The Anglian dialects also had the mid front rounded vowel /ø(ː)/, spelled ⟨oe⟩, which had emerged from i-umlaut of /o(ː)/. In West Saxon and Kentish, it had already merged with /e(ː)/ before the first written prose.
First element | Short (monomoraic) | Long (bimoraic) |
---|---|---|
Close | iy̯ | iːy̯ |
Mid | eo̯ | eːo̯ |
Open | æɑ̯ | æːɑ̯ |
Other dialects had different systems of diphthongs. For example, the Northumbrian dialect retained /i(ː)o̯/, which had merged with /e(ː)o̯/ in West Saxon.
Sound changes
Some of the principal sound changes occurring in the pre-history and history of Old English were the following:
- Fronting of [ɑ(ː)] to [æ(ː)] except when nasalised or followed by a nasal consonant ("Anglo-Frisian brightening"), partly reversed in certain positions by later "a-restoration" or retraction.

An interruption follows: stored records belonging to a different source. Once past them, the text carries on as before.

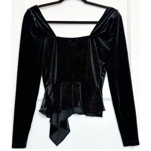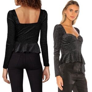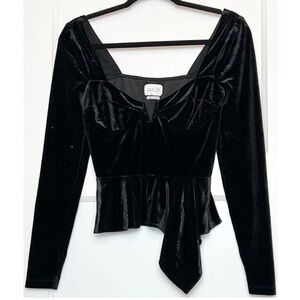 SAYLOR 90s Velvet Long Sleeve Square Neck Fitted Bustier Style Draped Peplum Top
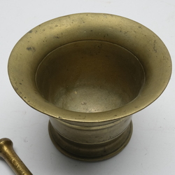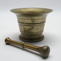 | Omschrijving | Een antieke 18e/19e eeuwse bronzen vijzel met kleine stamper. Onderop met stickertje 'Granada' |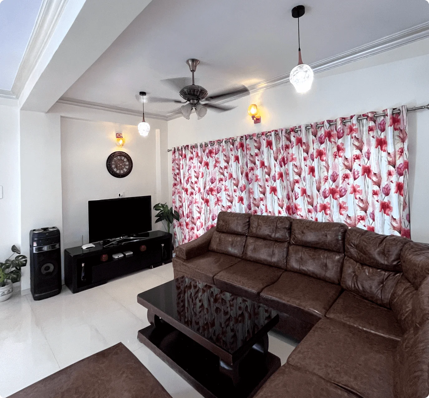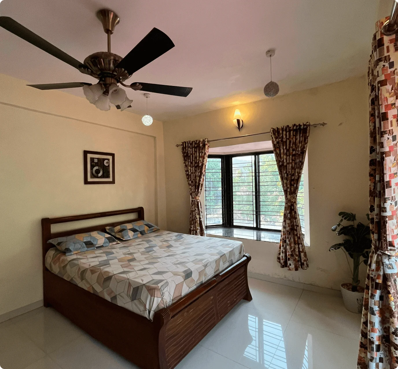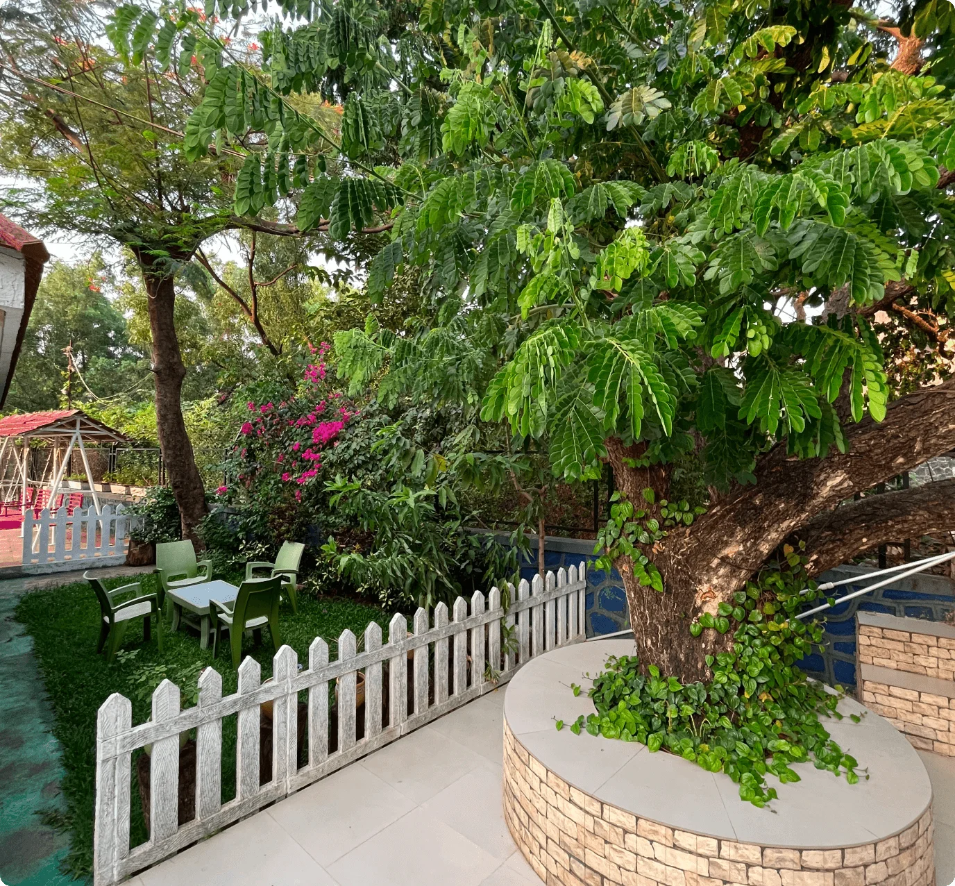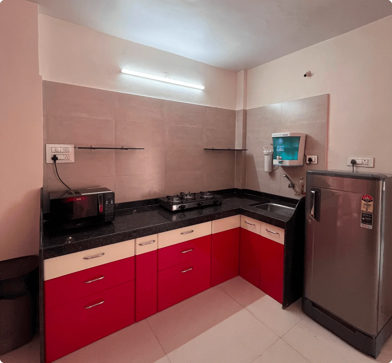 The living room boasts cozy sofas, an LED TV, music system, Wi-Fi, and an attached bathroom. The fully-equipped kitchen includes a refrigerator, microwave, and water purifier for meal prep. An on-site caretaker handles housekeeping and can prepare meals on request (extra charges). Located 12 minutes from Lonavala’s main market, guests can enjoy nearby restaurants or order food to the villa.

- Monophthongisation of the diphthong [ai], and modification of remaining diphthongs to the height-harmonic type.
- Diphthongisation of long and short front vowels in certain positions ("breaking").
- Palatalisation of velars [k], [ɡ], [ɣ], [sk] to [tʃ], [dʒ], [j], [ʃ] in certain front-vowel environments.
- The process known as i-mutation (which for example led to modern mice as the plural of mouse).
- Loss of certain weak vowels in word-final and medial positions; reduction of remaining unstressed vowels.
- Diphthongisation of certain vowels before certain consonants when preceding a back vowel ("back mutation").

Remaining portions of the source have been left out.